Wema Bank plc will next month begin to issue the second tranche of the N50 billion programme, targeted at raising its Tier II capital, Ademola Adebise, deputy chief executive said on Wednesday.
The bank is expected to officially announce to this to its shareholders as it holds its annual general meeting next month.
Wema Bank approached the money market in November 2017 to raise N25 billion in two Series under a commercial paper Program; Series 1 N10 billion – 182-day tenor and Series 2: N15 billion- 270-day tenor. Given the relative decline in interest rates and possible growth within the economy, the Bank will be re-opening the 2nd series of its N50 billion debt issuance program.
Adebise said the mid-tier lender hoped to boost its capital ratio, which is at 14.3 percent, higher than the regulatory minimum of 10 percent, Reuters report.
Wema expects 10 percent loan growth in 2018 targeting small firms, compared with a 4.92 percent drop in loan volume last year. The bank had aimed to grow loans by 1.5 percent in 2017.
In its audited financial result for the year ended December 31st, 2017 the innovative bank, which launched ALAT, Africa’s first fully digital bank, confirmed the growth of its groos earnings by 20.07 percent, from N54.36 billion in Full Year 2016 to N65.27 billion in full year 2017.
The growth was supported by the launch of ALAT – Nigeria’s first fully digital Bank, enhancing Wema Bank’s already existing alternate platforms which recorded a combined growth rate of 205.67 percent in transactions executed and with an estimated 30,000 accounts opened monthly.
“Despite the slow start to the year, 2017 recorded significant progress, highlighted by the introduction of the Investor & Exporters (I&E) window and recovery in oil prices,” Segun Oloketuyi, managing director/CEO said.
The Bank’s earnings from non-interest income remained strong, growing by 24.44 percent from N9.80 billion in 2016 to N12.19 billion in 2017; surpassing its 2017 guidance of a 19 percent growth rate.
The Bank closed with a Profit before Tax (PBT) of N3.01 billion (2016; N3.24 billion), despite reporting an increase in impairment charges which rose from N0.42 billion in 2016 to N2.18 billion in 2017.
In October last year, the Bank held its Extra-Ordinary General Meeting (EGM) towards its proposed Capital Reorganisation Scheme.
“I am delighted to announce that the exercise has been concluded, with all relevant regulatory approvals in place and duly passed and reflected in the 2017 financial year accounts.

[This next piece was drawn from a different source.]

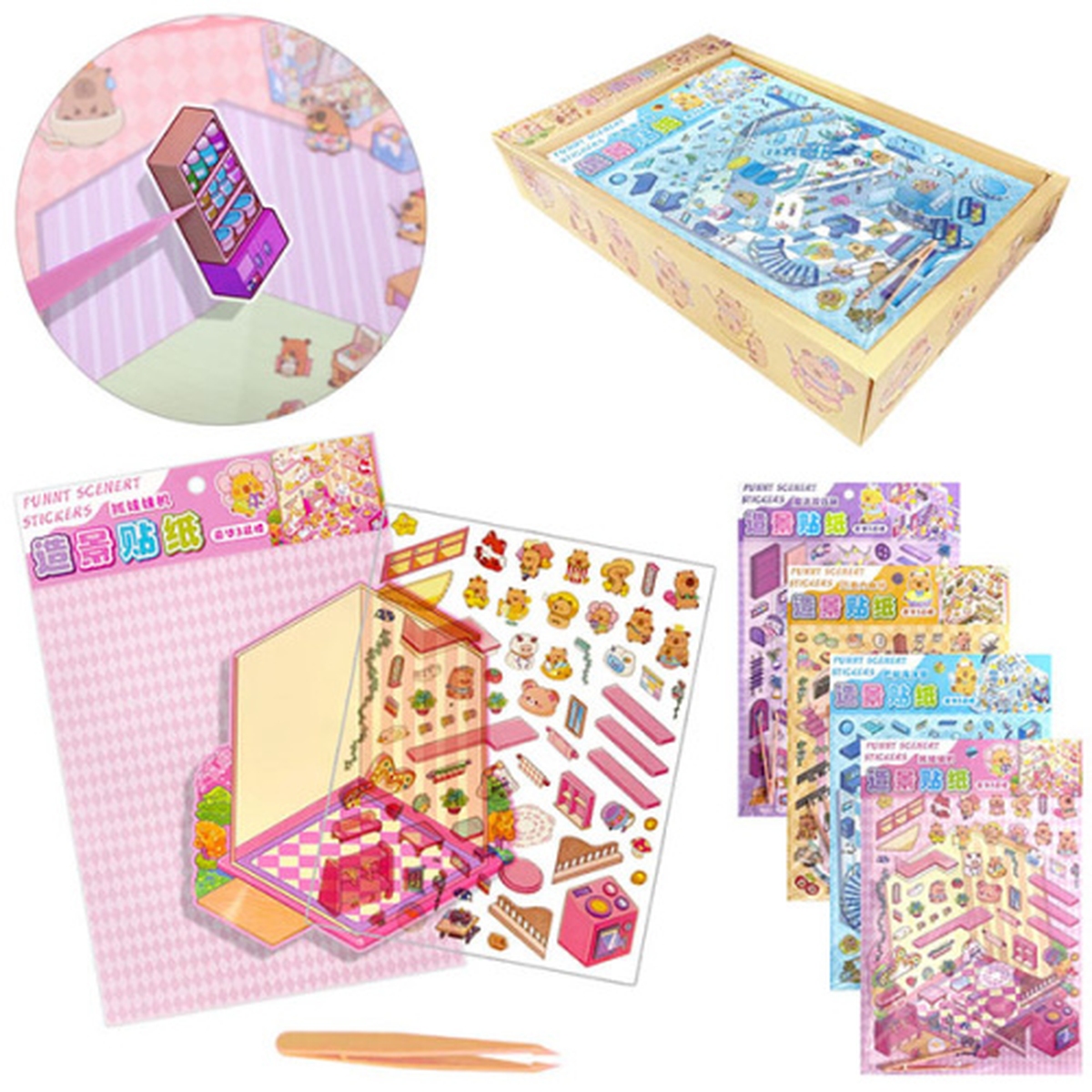 Наклейки РУМБОКС КАПИБАРА, 19*28 см, 1 локация, 1 лист с наклейками, пинцет в комплекте, 4 дизайна в

As earlier highlighted, the conclusion of the exercise would lead to an efficient balance sheet, as ploughed back profit can be capitalised to grow the business while positioning the Bank for dividend payment in the near term”, the CEO said.
Tunde Mabawonku, Chief Finance Officer, noted that the Bank’s 2017 result was reflective of its continued resilience despite realities arising from increased impairment charges during the period.
“Risk management remains at the core of our operations, as we leverage on our prudent risk management practices and reported a Non-Performing Loan (NPL) ratio of 3.52 percent (2016; 5.01%) while our Capital Adequacy Ratio (CAR), closed at 14.32 percent (2016; 11.07%). We remain confident, that the Bank’s credit rating will continue to remain affirmed at investment grade level,” Mabawonku noted.